Extracted data entries:

####################

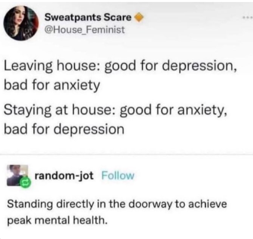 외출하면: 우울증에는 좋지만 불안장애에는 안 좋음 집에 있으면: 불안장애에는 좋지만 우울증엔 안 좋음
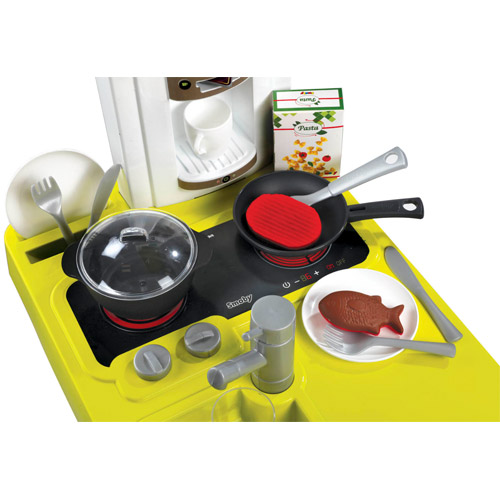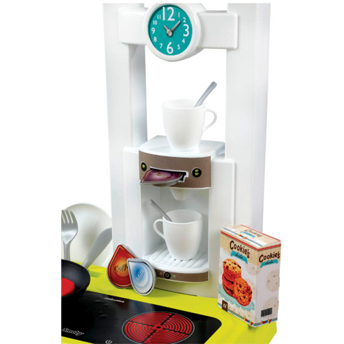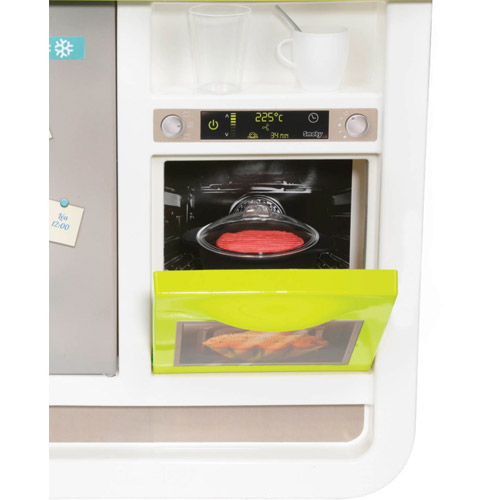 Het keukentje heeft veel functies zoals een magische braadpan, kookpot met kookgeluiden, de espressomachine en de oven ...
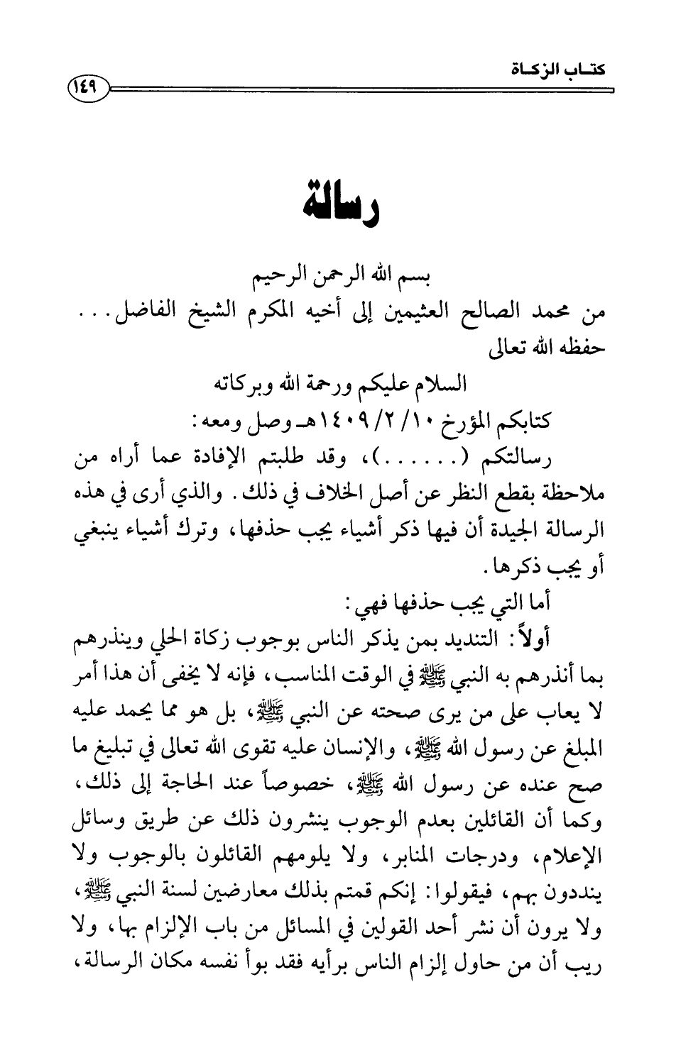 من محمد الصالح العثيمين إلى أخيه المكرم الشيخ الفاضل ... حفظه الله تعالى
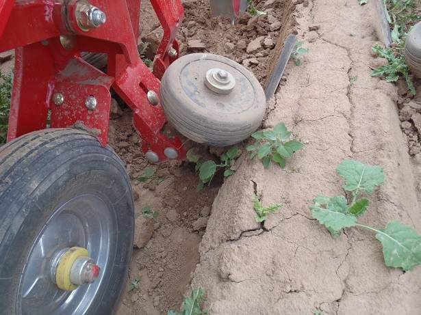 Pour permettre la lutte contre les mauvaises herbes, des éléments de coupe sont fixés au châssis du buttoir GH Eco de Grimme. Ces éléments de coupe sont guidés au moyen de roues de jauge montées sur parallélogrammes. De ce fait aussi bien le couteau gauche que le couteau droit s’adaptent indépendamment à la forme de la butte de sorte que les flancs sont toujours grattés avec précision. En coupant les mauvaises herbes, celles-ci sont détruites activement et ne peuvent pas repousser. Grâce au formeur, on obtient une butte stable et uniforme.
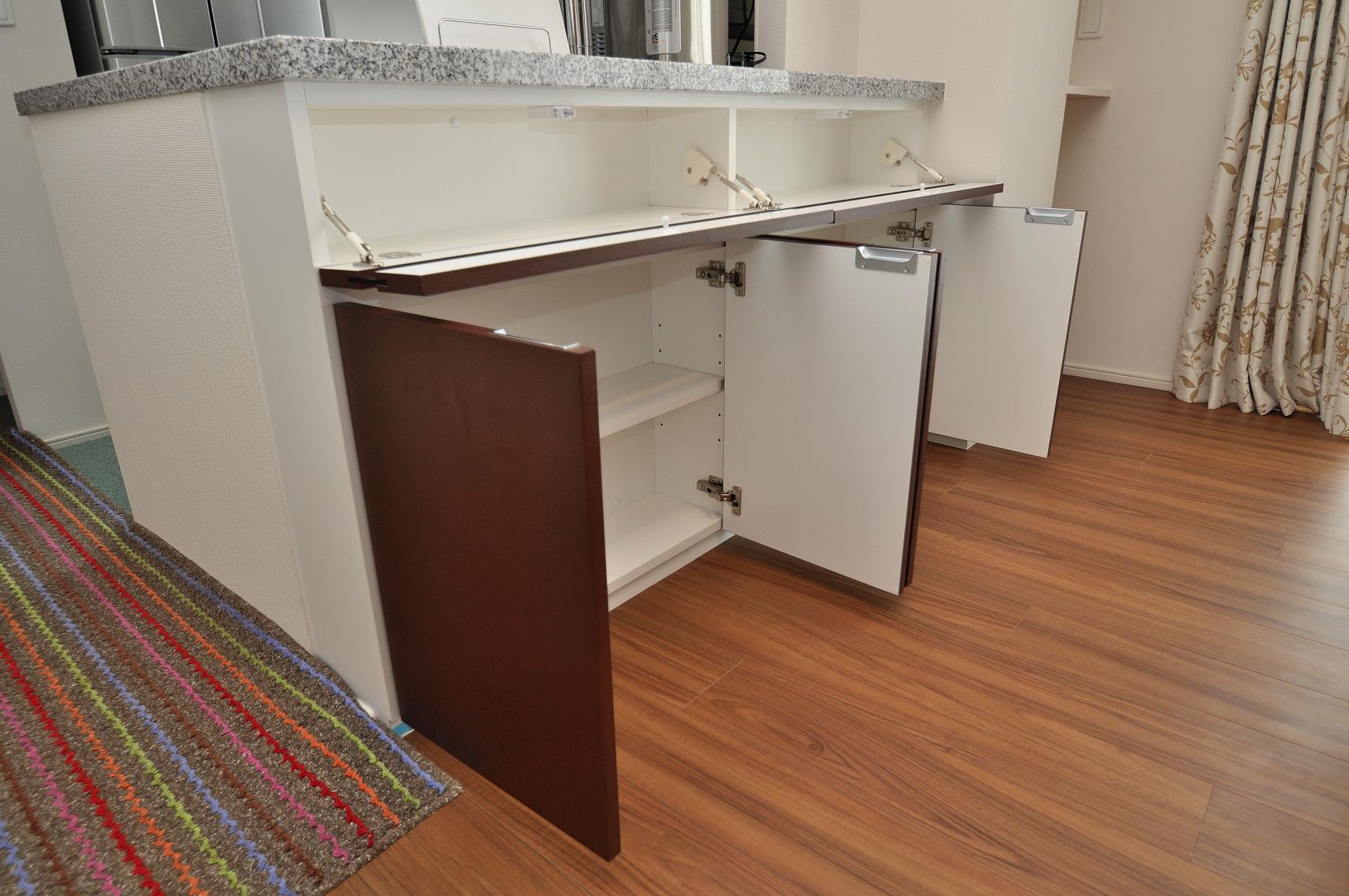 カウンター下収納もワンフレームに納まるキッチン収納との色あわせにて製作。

####################

* [Assignment] Give back every record exactly. Omit the pictures.

* [Exercise solution]
 외출하면: 우울증에는 좋지만 불안장애에는 안 좋음 집에 있으면: 불안장애에는 좋지만 우울증엔 안 좋음
 Het keukentje heeft veel functies zoals een magische braadpan, kookpot met kookgeluiden, de espressomachine en de oven ...
 من محمد الصالح العثيمين إلى أخيه المكرم الشيخ الفاضل ... حفظه الله تعالى
 Pour permettre la lutte contre les mauvaises herbes, des éléments de coupe sont fixés au châssis du buttoir GH Eco de Grimme. Ces éléments de coupe sont guidés au moyen de roues de jauge montées sur parallélogrammes. De ce fait aussi bien le couteau gauche que le couteau droit s’adaptent indépendamment à la forme de la butte de sorte que les flancs sont toujours grattés avec précision. En coupant les mauvaises herbes, celles-ci sont détruites activement et ne peuvent pas repousser. Grâce au formeur, on obtient une butte stable et uniforme.
 カウンター下収納もワンフレームに納まるキッチン収納との色あわせにて製作。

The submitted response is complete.